Rexer and Genesis
The design and synthesis of genomes provide a powerful approach for understanding and engineering biology. Genome synthesis can elucidate synonymous codon function, facilitate genetically encoded unnatural polymer synthesis, and accelerate metabolic engineering. Methods that i) work with industry applicable bacteria and higher organisms, ii) replace the genome in defined sections, iii) provide feedback on precisely where a given design fails and on how to repair it, and iv) that can be rapidly iterated for whole genome replacement, would accelerate our ability to understand and manipulate the information encoded in genomes. However, in E. coli – the workhorse of synthetic biology – progress on replacing large sections of the genome has been slower than in naturally recombinogenic organisms. Sequence-specific recombinases may be introduced into E. coli to direct recombination at defined target sequences, that must be introduced into the genome in advance, and these approaches cannot be iterated. Lambda red-mediated homologous recombination is commonly limited to deletion or inserting/replacing only 2-3 kb of genomic DNA with limited efficiency and locus specificity (Figure 1).
To address these challenges, we have designed and developed the Replicon Excision Enhanced Recombination (REXER) system, which enables the efficient, programmable, iterative, one-step introduction of long synthetic DNA fragment into the genome, as insertions or replacements (Figure 1). Because of the iterative nature of REXER, the product from the first round can serve as a direct template for the next round, leading to consolidation of a progressively longer synthetic segment on the genome. Iteration of REXER steps paves the foundation for the Genome Stepwise Interchange Synthesis (GENESIS) strategy, which synthesizes a new genome from a wildtype template through multiple consecutive REXER steps (Figure 1e). Given the length independence of REXER and the ability of E. coli to readily accept 300-kb bacterial artificial chromosomes (BACs), the entire 4.6-mb E. coli genome can be replaced with synthetic DNA in around 15 steps. Each step takes only a few days to implement and convergent syntheses may further accelerate complete genome synthesis.

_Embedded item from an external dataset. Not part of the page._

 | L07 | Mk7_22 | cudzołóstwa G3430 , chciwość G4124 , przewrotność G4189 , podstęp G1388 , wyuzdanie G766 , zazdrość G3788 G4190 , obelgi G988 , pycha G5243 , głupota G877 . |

Based on the extremely high efficiency of REXER and the deep sequencing capacity offered by Next Generation Sequencing, we have further developed and adapted our REXER method to locate and correct deleterious design flaws on synthetic DNA with single nucleotide accuracy. Such abilities to very quickly test, debug, validate and improve synthetic DNA design is unique to our methods, and crucial in deciphering the hidden message of life during our expedition to create a synthetic life form powered by a synthetic genome.
Figure 1. Iterating REXER for GENESIS.
a. λ red recombination, REXER 2 and REXER 4. CRISPR protospacers are coloured rectangles. Coloured triangles indicate CRISPR/Cas9 cut sites. HR: homologous regions; s.DNA: synthetic DNA; g.DNA: genomic DNA; + and +1: KanR; -1: rpsL, +2: CmR, -2: sacB. REXER 4 augments REXER 2 by adding two extra cut sites flanking the genomic -1/+1 locus.

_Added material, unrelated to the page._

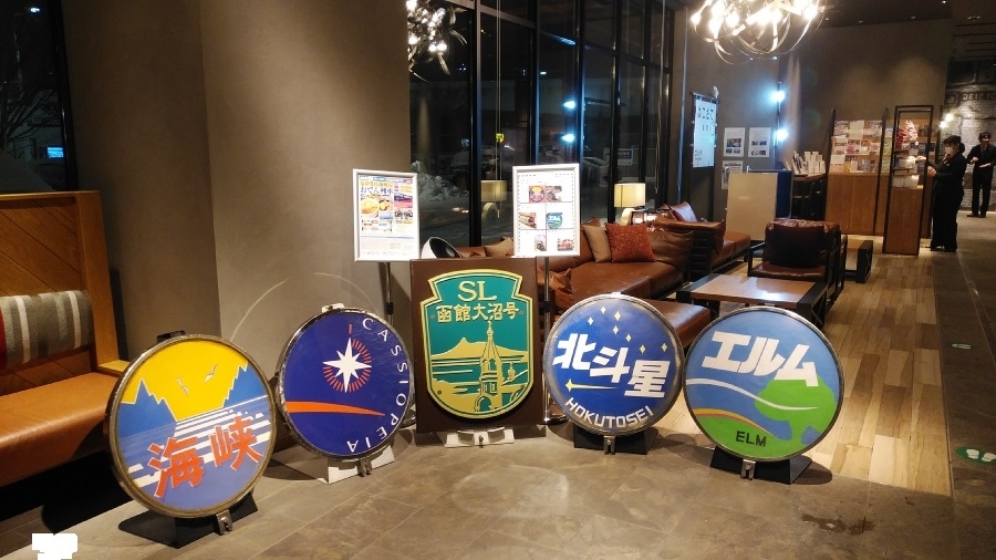 函館駅直結のホテル。JR北海道グループ運営のホテルのため、鉄道関連の演出がみられる。まず、フロント手前には青函トンネルを駆けた鉄道のヘッドマークが展示。客室からのトレインビュー(3階以上鉄道側客室の場合)も楽しめる。

b. Locus specificity of λ red recombination, REXER 2 and REXER 4 using identical homologous regions.
c. REXER 2 and REXER 4 are dependent on the CRISPR/Cas9 system and recombination machinery. Controls omit either spacer RNA or lambda red beta.

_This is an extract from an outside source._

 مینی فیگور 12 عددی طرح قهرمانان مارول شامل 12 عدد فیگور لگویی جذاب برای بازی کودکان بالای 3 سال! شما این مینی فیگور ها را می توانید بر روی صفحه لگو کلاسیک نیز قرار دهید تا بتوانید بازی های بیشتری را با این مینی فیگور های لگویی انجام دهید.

d. The efficiency of REXER 2 and REXER 4 is constant for insertions between 2 kb and 90 kb, with around 104 c.f.u. for REXER 2 and 107 c.f.u. for REXER 4.
e. The product of the first round of REXER serves as a direct template for the second round of REXER. Iterative genomic replacement by REXER will enable genome replacement in a series of steps following the Genome Stepwise Interchange Synthesis (GENESIS) strategy. Pink segment: synthetic DNA; grey segment: genomic DNA; +1: KanR; -1: rpsL, +2: CmR, -2: sacB.